In quantitative genetics, evolvability of a trait is measured as the amount of genetic variance available to directional selection in a population. This concept has been generalized into multivariate phenotypes using the (additive) genetic covariance matrix (G matrix), so that various aspects of evolvability and genetic constraints are expressed as functions of a G matrix and selection gradient vector—the Hansen–Houle evolvability measures. Growing evidence for descriptive and predictive values of these evolvability measures foregrounds their relevance in investigations into the evolution of complex phenotypes. However, mathematical and statistical properties of the evolvability measures have not yet been fully appreciated, even in the specialized quantitative genetics literature.

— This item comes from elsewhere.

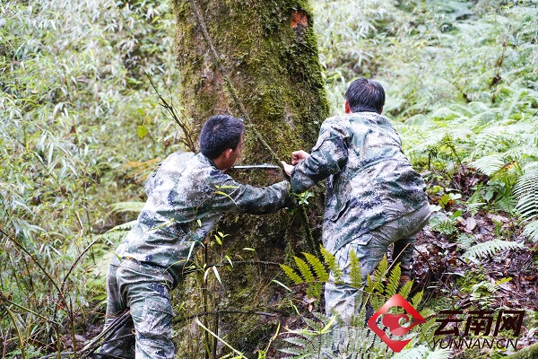 工作人员在查看水青树的生长情况。昌宁融媒体中心供图

In this talk, I will introduce some distribution theories on evolvability measures, in particular focusing on their probability distributions when the selection gradient vectors vary across directions in the trait space. Key in looking at statistical properties of evolvability measures is that they are mathematically expressed as ratios of quadratic forms in selection gradients. This form of statistics is frequently encountered in the statistical and econometric literature, from which we can borrow useful distribution theories. One of these is a mathematical toolkit called the zonal and invariant polynomials of matrix arguments, which enable evaluation of some relevant integrals over a (hyper)sphere.
On one hand, the distribution theories provide explicit expressions for average evolvability measures, for which only approximate evaluation methods were known in the literature. This enables us to quantify and compare evolvability and constraints accurately in biologically meaningful manners. On the other hand, theories also allows for drawing exact probability distributions for certain evolvability measures. These are useful in conducting a retrospective hypothesis test on the role of genetic constraints in empirical evolutionary trajectories. Importantly, these theories are not restricted to the simple case with spherically distributed selection gradients but can accommodate arbitrary mean and covariance for the selection gradients, thereby extending the scope of evolvability measures to various scenarios like directional and/or correlated selections.
Main results have been implemented in my
qfratio available from the CRAN and GitHub repositories. Hopefully, the enhanced accessibility and expandability of evolvability measures stimulate future quantitative investigations into multivariate trait evolution.